The criterion can be specified as a string (e.g., "AIC") or as a user-defined function that takes a fitted model object. Please visit the modelCriterion function documentation for more details on using custom criteria.

differentAsymLag

A logical value indicating whether to allow different lag lengths for positive and negative decompositions.

batch

A string specifying the batch processing configuration in the format "current_batch/total_batches". If a user utilize grid or grid_custom mode and want to split the lag search into multiple batches, this parameter can be used to define the current batch and the total number of batches. For example, "2/5" indicates that the current batch is the second out of a total of five batches. The default value is "1/1", meaning that the entire lag search is performed in a single batch.

...

Additional arguments that can be passed to the function. These arguments can be used to specify other settings or parameters that are not explicitly defined in the main arguments.

Value

A list containing the results of the restricted ECM test, including:

ecm: The estimated ECM model objects including:
- longrunEQ: The estimated long-run model equation object.
- shortrunEQ: The estimated short-run model equation
- ecmL: The estimated long-run model object.
argsInfo: A list of input arguments used for the estimation. It includes the data, formula, maxlag, mode, criterion, differentAsymLag, and batch settings.
extractedInfo: A list containing extracted information from the input data and formula, such as variable names, deterministic terms, asymmetric variables, and the prepared dataset for estimation.
timeInfo: A list containing timing information for the estimation process, including start time, end time, and total duration.
lagInfo: A list containing lag selection information, including the optimal lag configuration and criteria values for different lag combinations.
estInfo: A list containing estimation details, such as the type of model, estimation method, model formula, number of parameters (k), number of observations (n), start and end points of the fitted values, and total time span.
model: The fitted linear model object of class lm representing the estimated ARDL or NARDL model.

Hypothesis testing

The null and alternative hypotheses for the restricted ECM test are as follows:

$$\mathbf{H_{0}:} \theta = 0$$ $$\mathbf{H_{1}:} \theta \neq 0$$

The null hypothesis ($H_{0}$) states that there is no cointegration in the model, meaning that the long-run relationship between the variables is not significant. The alternative hypothesis ($H_{1}$) suggests that there is cointegration, indicating a significant long-term relationship between the variables.
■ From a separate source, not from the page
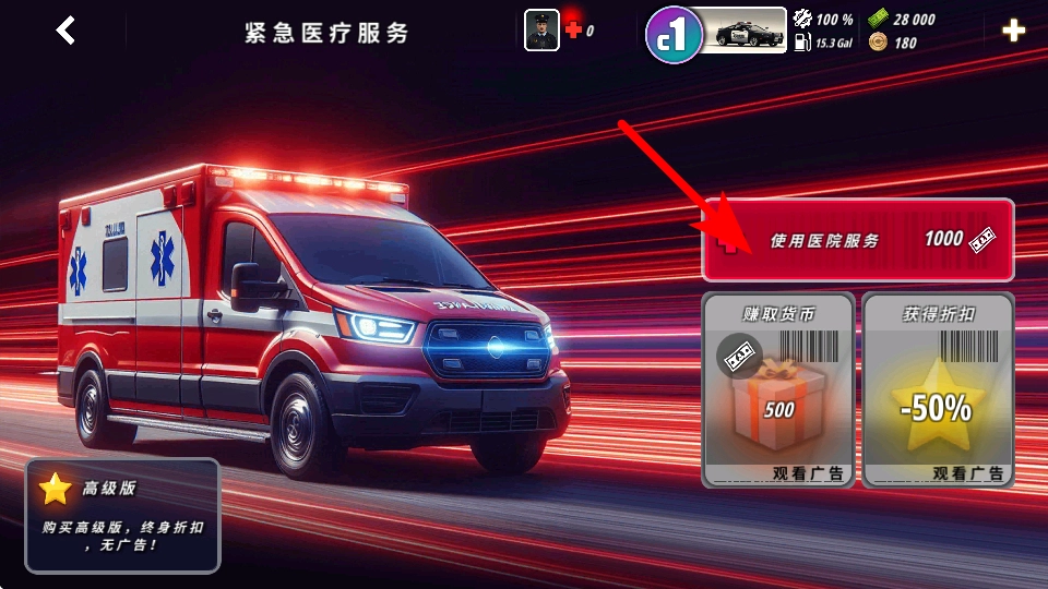 3、若角色状态不足,进入紧急医疗服务界面后,点击红色箭头指向的使用医院服务按钮,为后续任务做准备。
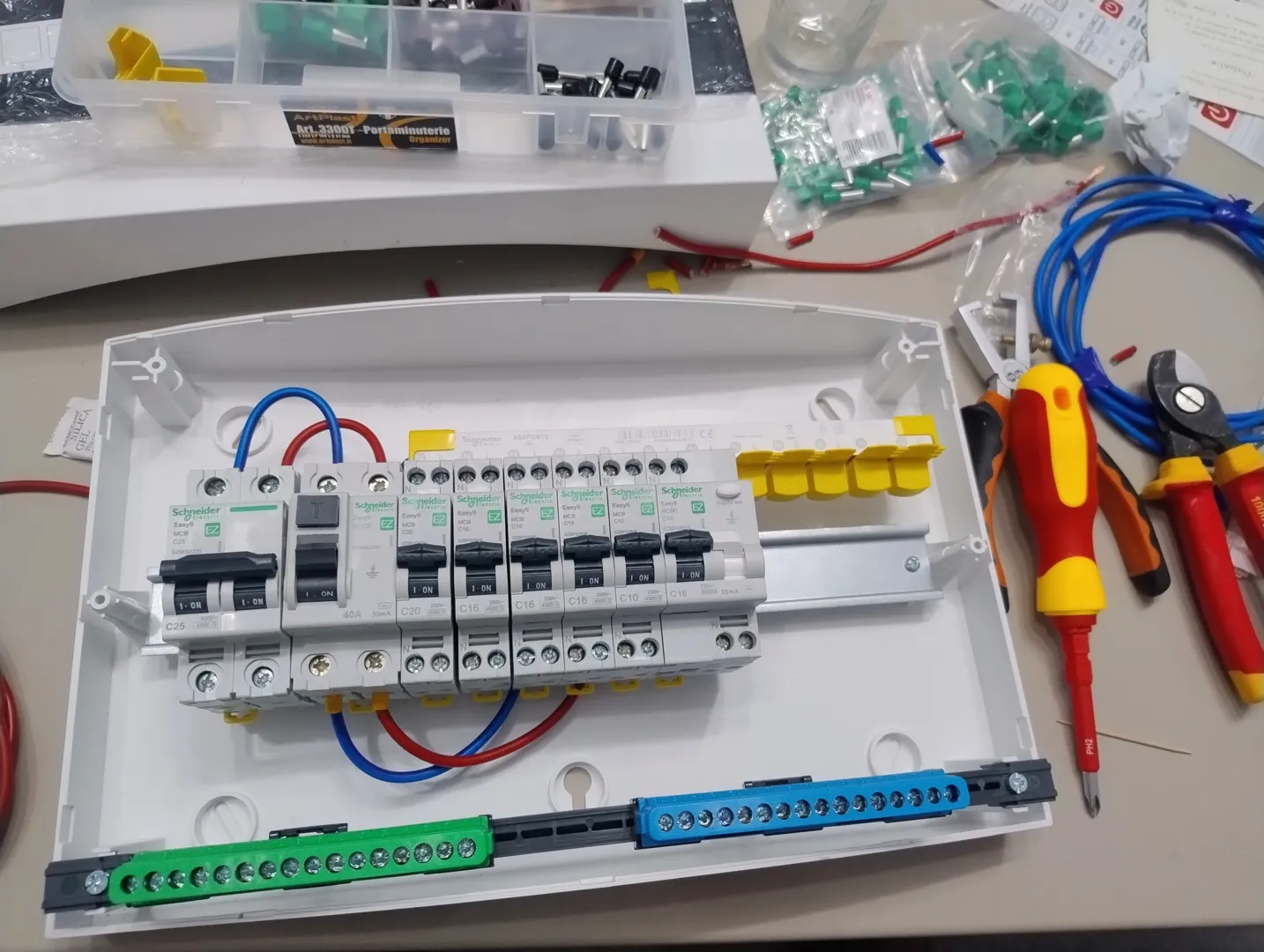Schimbat panoul electric vechi cu unul nou si verificat prizele din casa.

The test statistic is calculated as the t-statistic of the coefficient of the error correction term ($\theta$) in the ECM model. If the absolute value of the t-statistic exceeds the critical value from the PSS t Bound table, we reject the null hypothesis in favor of the alternative hypothesis, indicating that cointegration is present.

The cases for the restricted ECM Bound test are defined as follows:

case 1: No constant, no trend.

This case is used when the model does not include a constant term or a trend term. It is suitable for models where the variables are stationary and do not exhibit any long-term trends.

The model is specified as follows:

$$ \begin{aligned} \Delta y_t = \sum_{j=1}^{p} \gamma_j \Delta y_{t-j} + \sum_{i=1}^{k} \sum_{j=0}^{q_i} \beta_{ij} \Delta x_{i,t-j} + \theta (y_{t-1} - \sum_{i=1}^{k} \alpha_i x_{i,t-1} ) + e_t \end{aligned} $$
case 2: Restricted constant, no trend.

This case is used when the model includes a constant term but no trend term. It is suitable for models where the variables exhibit a long-term relationship but do not have a trend component. The model is specified as follows: $$ \begin{aligned} \Delta y_t &= \sum_{j=1}^{p} \gamma_j \Delta y_{t-j} + \sum_{i=1}^{k} \sum_{j=0}^{q_i} \beta_{ij} \Delta x_{i,t-j} + \theta (y_{t-1} - \alpha_0 - \sum_{i=1}^{k} \alpha_i x_{i,t-1} ) + e_t \end{aligned} $$
case 3: Unrestricted constant, no trend.

This case is used when the model includes an unrestricted constant term but no trend term. It is suitable for models where the variables exhibit a long-term relationship with a constant but do not have a trend component.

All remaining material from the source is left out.